I'm adopted. Whatever my genetic heritage is, it's a mystery to me. I'll be honest and say that it doesn't mean a lot, save that I like to pretend that I'm Norwegian. All those old stories of the Norse Gods speak to me because they're all so weird. If the ancient Norse believed in the abstract ideas of Good and Evil, they did an amazing job hiding it in their mythology. What we see instead is a people struggling like Hell against a cruel world, drinking and frequently whoring their way through lives that were too often brutish and short. I'm personally kind of a brain, but the Norse myths often eschew intelligence in favor of simple physical strength and the will to fight and survive. There is no greater meaning in their stories.

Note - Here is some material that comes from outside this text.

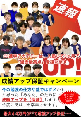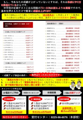 ✅当塾では、塾生の90%以上が入塾して半年以内に「過去最高点」に到達します!入塾直前の点数または順位より上がらない場合、達成するまで対策授業料【無料】に致します。

They just are.
And yet, my father was Poor White Trash. His mother was married to an Army officer at the outbreak of the World War II. She had an affair while her husband was overseas, and that man--the officer--came home just long enough to divorce her. This left her little choice but to marry the object of what was obviously an ill-advised, drunken affair. Neither wanted children, and when my father was born three months premature, I suspect that both were secretly pleased at his prospects. But. If you ever met my dad, you will know that he was one Hell of a fighter. He survived against the odds, and he grew up. His father beat the ever-living shit out of him at every opportunity, and his mother was what can only be described as a self-loathing, depressive alcoholic. Dad still made it to the University of Tennessee on a scholarship to play the trumpet in the marching band. He hated the trumpet. He also walked on to UT's cross country team, though he only lasted a season thanks to a car accident.

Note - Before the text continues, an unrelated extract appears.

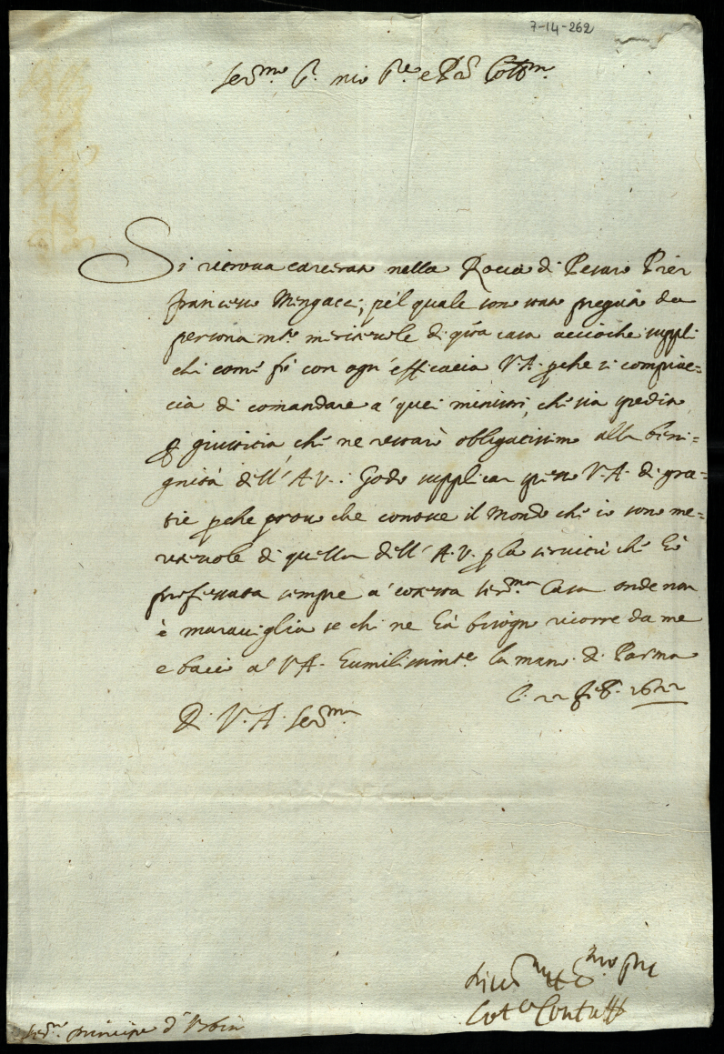 Lettere, memoriali al Serenissimo Principe d'Urbino appartenenti alla carica di segretario di Giustizia

Dad joined the Marines when he graduated from UT and went to OCS, where he kicked fucking ass. He was commissioned a logistics officer, went to Vietnam, did God knows what to wind up leading a rifle platoon, and killed Communists in industrial numbers. He was recommissioned as a Regular Marine in the Infantry, went to Ranger School, and the rest is history. The point is that he was a Marine serving in the Cold War, and hated Communists with a red-hot, burning passion. He specifically hated the Russians. He hated them. He was not interested in peace or compromise. He wanted to wipe them wholesale off the face of the Earth. Especially their leaders.
My mom was a different story. The Clan Gunn immigrated to the U.S. from Scotland at about the same time as the Head brothers, but at least in Flat Creek, Tennessee, they experienced quite a bit more success. Local Tennessee history books sometimes call my great (x3) grandfather "a perfect example of a gentleman farmer". In English, that means he owned a plantation and a bunch of slaves. By the time my mother was born, diluted inheritances and the Depression had all but wiped out the family fortune, but the name Gunn was still worth quite a lot in the little town where she grew up. She was supposed to marry a doctor, Roger, today the preeminent heart surgeon in the City of Nashville. Instead, she married my dad.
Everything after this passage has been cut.